I think of it a little as "dancing with the devil you think you know." Because you don't really know the devil (the dark scary edges of yourself and the world around you) until you start to play with those dark scary edges through your words and ideas.

Sometimes it's not pretty. Sometimes it is elegant. But, I believe the truth lies in what Kafka had to say:

"I think we ought to read only the kind of books that wound and stab us. If the book we are reading doesn't wake us up with a blow on the head, what are we reading it for? ...we need the books that affect us like a disaster, that grieve us deeply, like the death of someone we loved more than ourselves, like being banished into forests far from everyone, like a suicide. A book must be the axe for the frozen sea inside us."

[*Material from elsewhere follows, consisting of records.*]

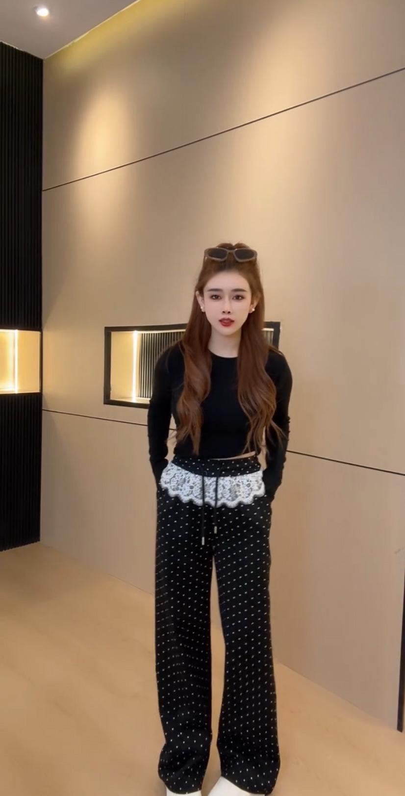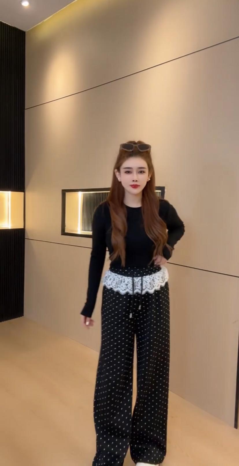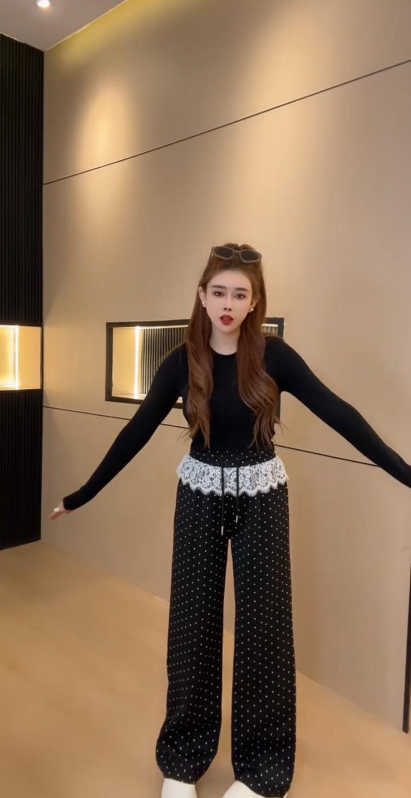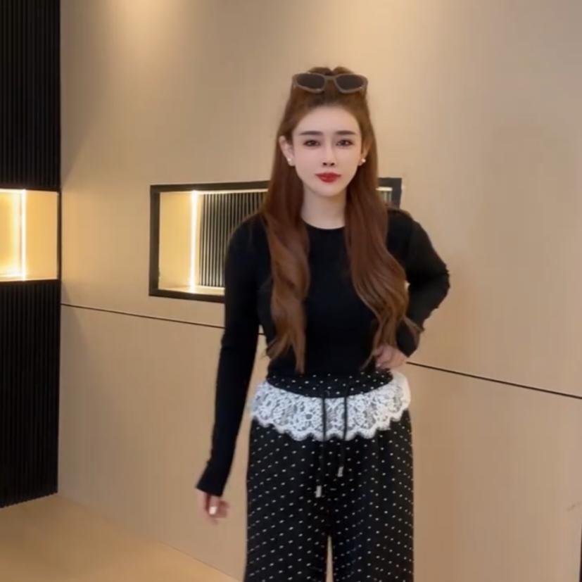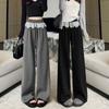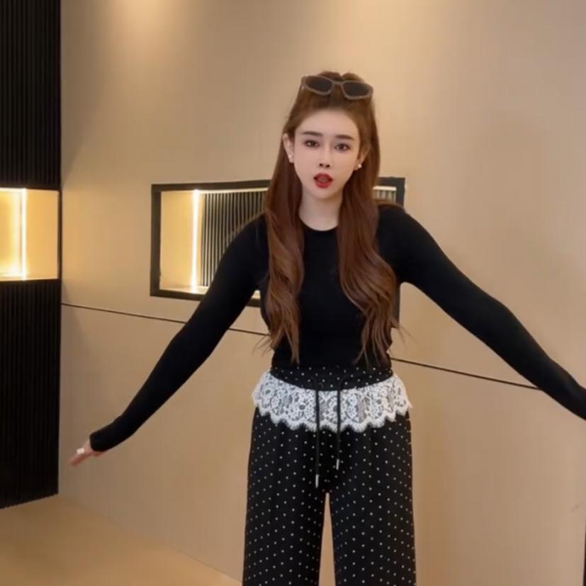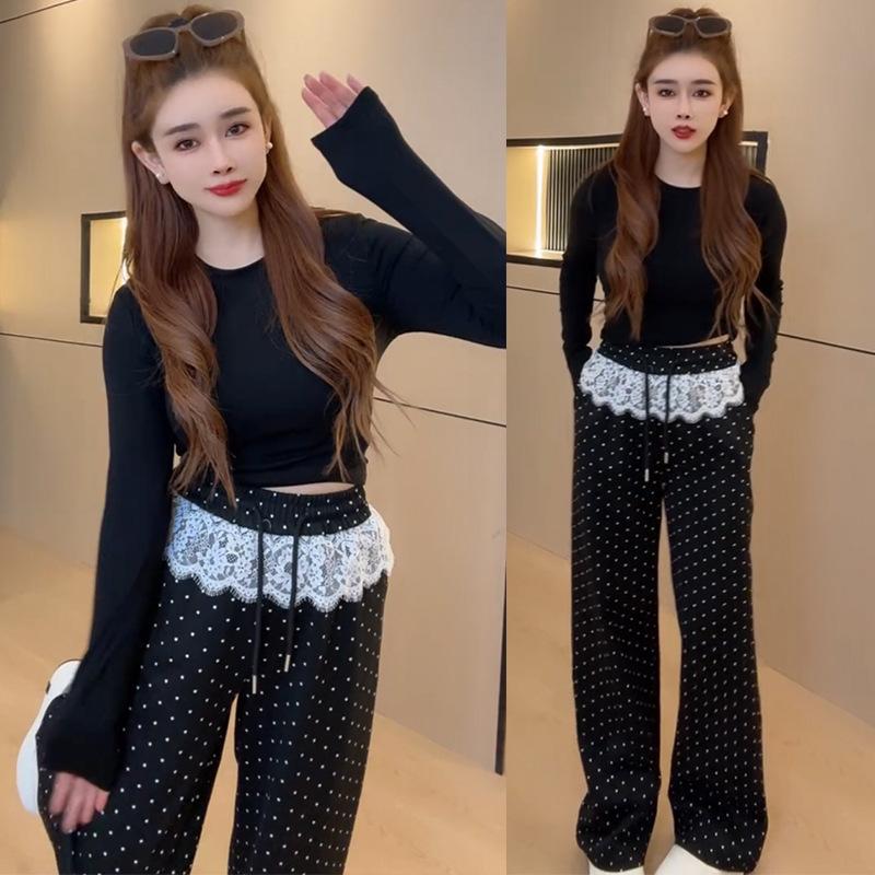 Moda Femenina Primavera 2025 Pantalones Rectos con Sentido del Diseño Elegante Encaje Puntadas Punto de Ola Pierna Ancha Estilo Colgante Pantalones Casuales
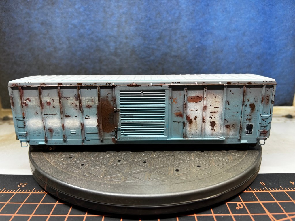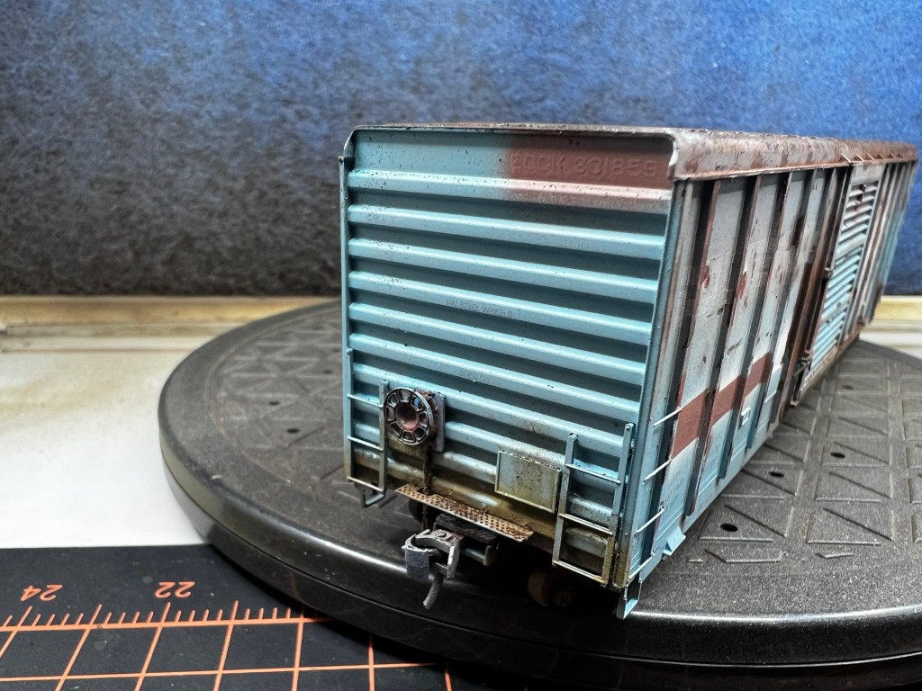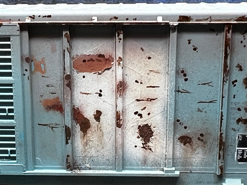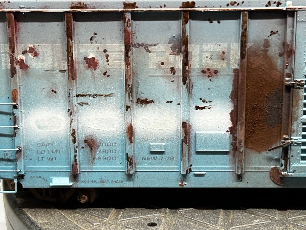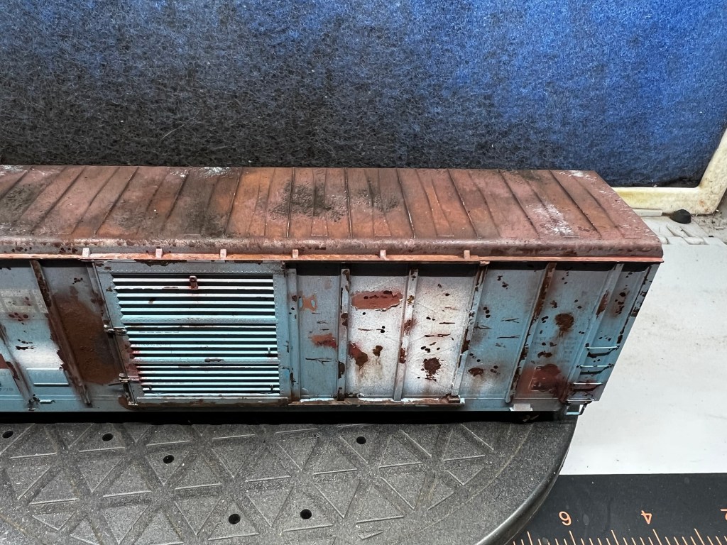 Here below are photos of progress on the current project for eBay. Roof was done with five different mediums and has a rust texture and feel to it. One side is basically almost finished weathering wise. Graffiti needs to be applied as yet and faded per the prototype. Areas were patched today for new lettering plus some built up grime applied to the bottom of the ends of the car. More photos coming as this progresses!
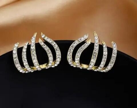 Vassaley Korean Gold Plated Shiny Triple Hoop Earrings
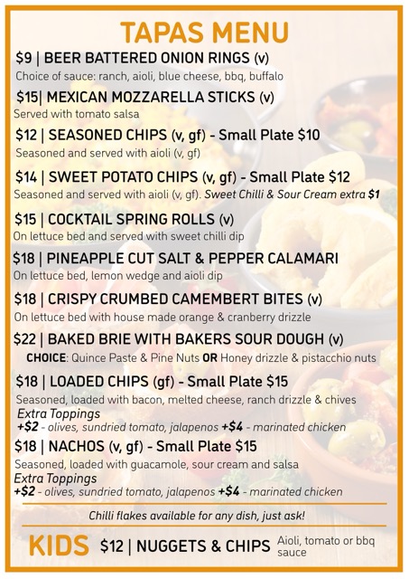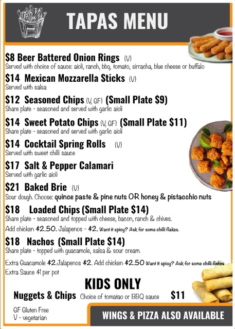 Our tapas selection includes salt and pepper calamari, vegetarian spring rolls, nachos, loaded chips and more. Some items can be tailored to your requirements with different toppings and sauces. Come and speak to us about what you love and lets make it happen!
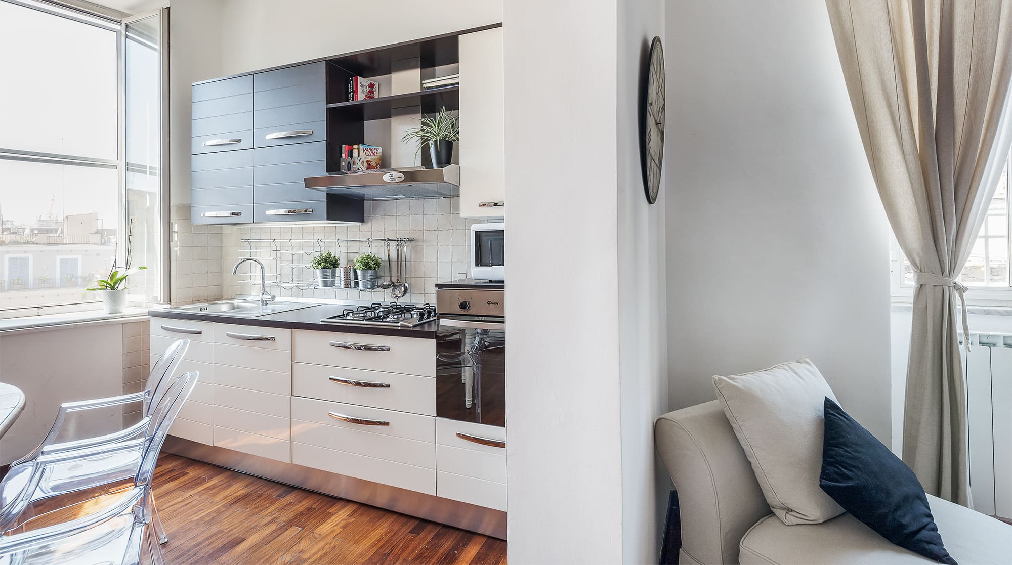 Step inside and be greeted by a colorful array of art and eclectic furnishings that define this apartment’s unique character. The living area features a Chesterfield-style sofa and see-through dining chairs, creating a perfect mix of modern and classic styles. Large windows flood the space with natural light, offering views over Rome’s charming rooftops. The master bedroom is a sanctuary of its own, complete with a private balcony where morning coffees are accompanied by the lively street below. The sleek kitchen, though compact, is fully equipped to cater to your culinary needs.

Writing is that axe, and it is our responsiblity, as well as our joy as writers, to swing that axe to break the frozen sea inside of us.

I like Tobias. He understands.

November 16, 2011 | Unregistered CommenterCarrie Knowles

16,265 words?!? That is awesome. Well done, you.

November 18, 2011 | Unregistered CommenterNichole

I agree with the first commenter. Win or loose, you rock for trying.
How many people in this world dream of doing something beyond what their lives are right now.... and how many of those "something"s are something creative and sharing of their selves? Many dream, few act. You are one of the few.

You were right the first time. If you write you are a writer. The Inner Critic is just a bitch whose afraid you're going to go off, make new friends like Self Esteem and Creative Expression, and leave her behind, all alone. And she's right! :)

btw, found you through write on edge weekend linkup.

November 19, 2011 | Unregistered CommenterRosemary

I so feel you on this! So much.

I don't know how people do NaNo. It's torturous really. How do you write anything decent without letting it sit and stew for a while between sessions. And how does the insecurity of the inevitably horrible first draft not give you writer's block? I mean, really!

November 19, 2011 | Unregistered CommenterAll Adither

Popping in from Write On Edge weekend linky
I really admire you for even attempting the NaNo thinggie... the thought of doing it petrifies me!!
16,265 words is amazing... awesome stuff!

November 20, 2011 | Unregistered CommenterMISH

16,265 Words!! Lady you are (as my daughter's first grade teacher also tells them - and please sing it out Opera Style - "Faaaaabuuuuuulooouuss!!" Now as you sing that out please hold your arms above your head and spread them out until they reach your hips! Strut and feel pride.)

All great writer's have their water hole - we who know where you live are lucky to go by the shop an say - this really great blogger - sits here most mornings before leading a very Posh, Busy Lifestyle.